Any asset can use a portfolio of similar assets to hedge against its factor exposure. The factor residual risk of the hedged position is called statistical arbitrage risk. Consequently, the statistical arbitrage risk premium is the expected return of such a hedged position. A recent paper shows that both theoretically and empirically this premium rises in the stock’s statistical arbitrage risk. ‘Unique’ stocks have higher excess returns than ‘ubiquitous’ stocks. The estimated premium is therefore a valid basis for investment strategies. Statistical arbitrage risk can be estimated by using ‘elastic net’ estimation and related machine learning. This method selects a relatively small hedge portfolio from a large array of candidate stocks.

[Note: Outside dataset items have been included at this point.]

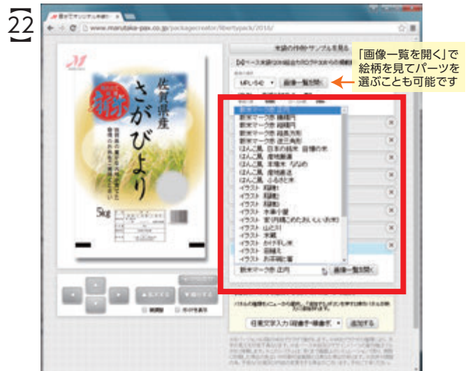
22 「ワンポイント」操作パネルの▼をクリックすると、画像を選択するためのプルダウンメニューが表示されます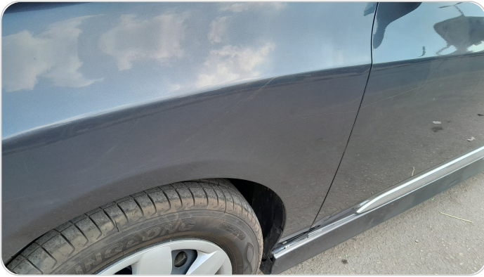
رفرف امامي شمال : فبريكة (خرابيش)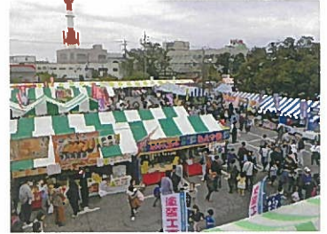
野田市産業祭の様子

伝統と歴史に育まれた野田夏まつり躍り七夕。趣ある竹飾りのほか、市民自らの直接参加できるイベントを多数用意しています。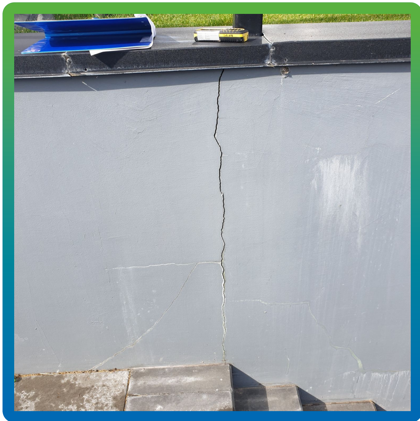
Трещины в ж/б конструкции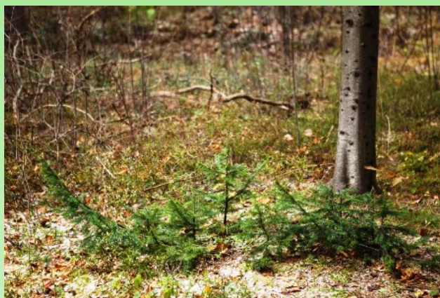
Рис. 13. Укоренение нижних ветвей пихты.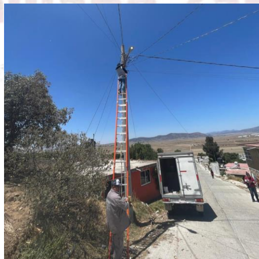
Servicios municipales cambiando luminaria de comunidad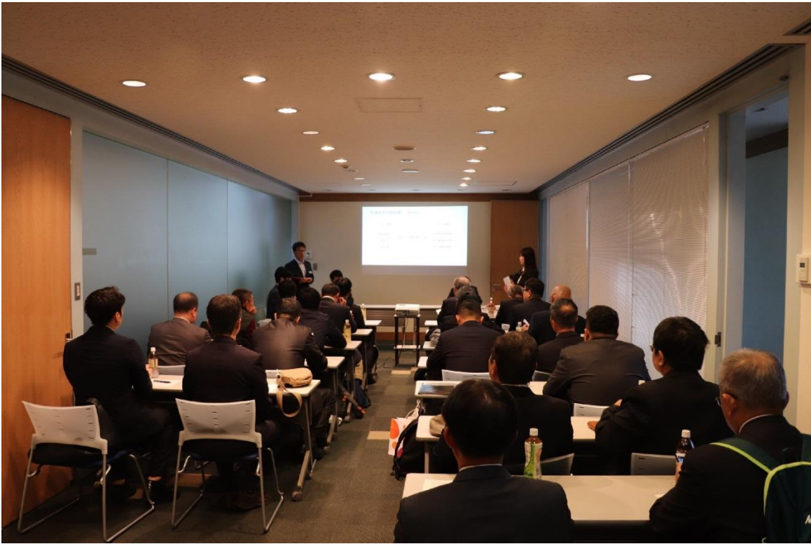
圖 1：東京青果株式會社進行簡報。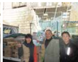
株式会社雨宮商会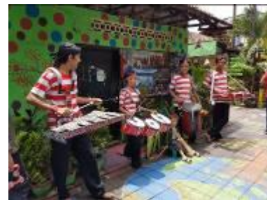
Gambar 3. Musik Patrol Kampung Lawas Maspati.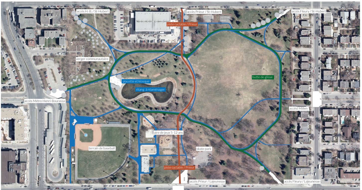
↓ plan schématique / sentiers, piste cyclable, accès et zones à réaménager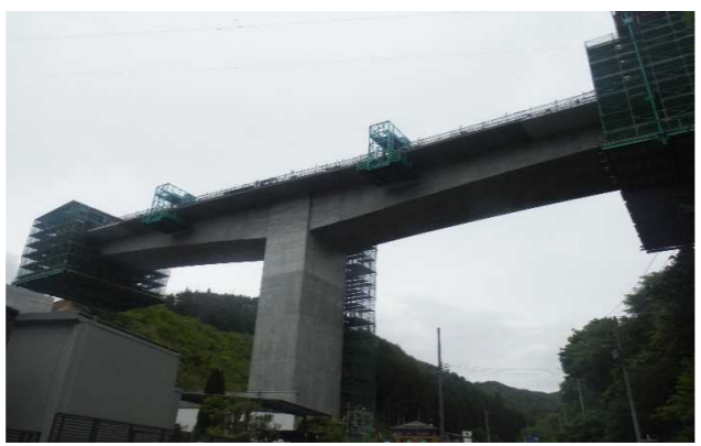
▲No271から終点側を望む [鹿折橋(仮)]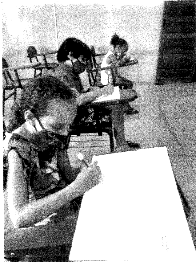
ATIVIDADE DE AUXILIO ESCOLAR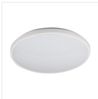
ARVOS N LED 37W CCT W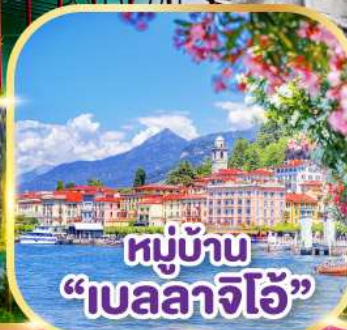
หมู่บ้าน "เบลลาจีโอ"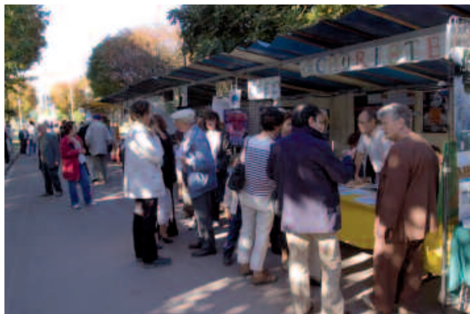
Plus de 40 associations locales sont réunies à l'occasion de leur forum dans le parc Charles-de-Gaulle (ci-dessus l'édition 2005).

Forum des associations : samedi 23 septembre, de 10h à 18h. Parc Charles-de-Gaulle. Pour en savoir plus sur la vie associative, consultez le site Internet de la ville www.ville-Houilles.fr (rubrique Sports et Culture) ou la publication 30 000 Ouillois, guide pratique 2006 , disponible à l'accueil de la mairie.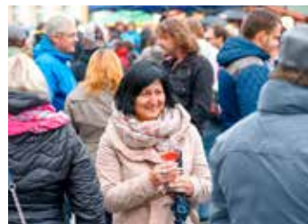
Komu byla zima, zvolil raději horký svařák, ale většinou to byla stejně klasika.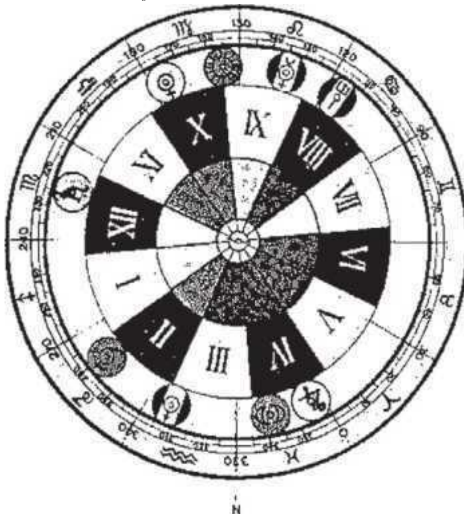
Гороскоп Гёте. 28.08.1749, 12 часов пополудни. Франкфурт-на-Майне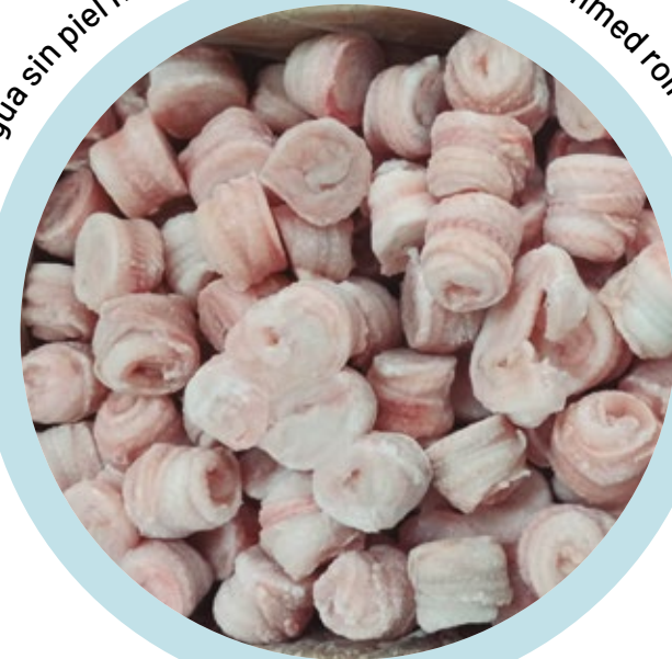
Filetes de lengua sin piel ni espinas en rolls / Red sole trimmed rolls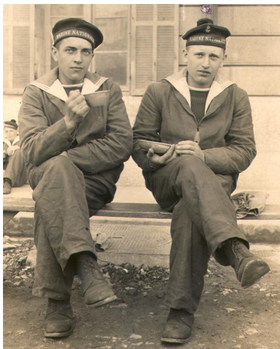
Matelots d'un dépôt dans les années 1930

On imagine aisément que les 28 années d'obligations militaires potentielles n'étaient pas en accord avec les réels besoins de la Marine. Celle-ci clarifia la situation en faisant voter la loi du 13 décembre 1932 qui posa que les réservistes de l'armée de mer en excédent étaient versés aux réserves de l'Armée, comme cela s'était déjà fait. Mais l'objet de cette loi était également de régler le service des cadres embarqués sur les navires de commerce réquisitionnés en temps de guerre.

The below are mostly quotes from:
Leung, Raymond and Yu-Man Tam (2021), “Statistical Arbitrage Risk Premium by Machine Learning”.
with some additional quotes whose sources are referenced below.

The post ties up with this site’s summary on implicit subsidies.

Understanding the statistical arbitrage risk premium

“How to hedge factor risks without knowing the identities of the factors? We…prove a general theoretical result: even if the exact set of factors cannot be identified, any risky asset can use some portfolio of similar peer assets to hedge against its own factor exposures. A long position of a risky asset and a short position of a ‘replicate portfolio’ of its peers represent that asset’s factor residual risk…[Analogously] the statistical arbitrage risk premium is the expected return of the residual factor risks of a given stock.”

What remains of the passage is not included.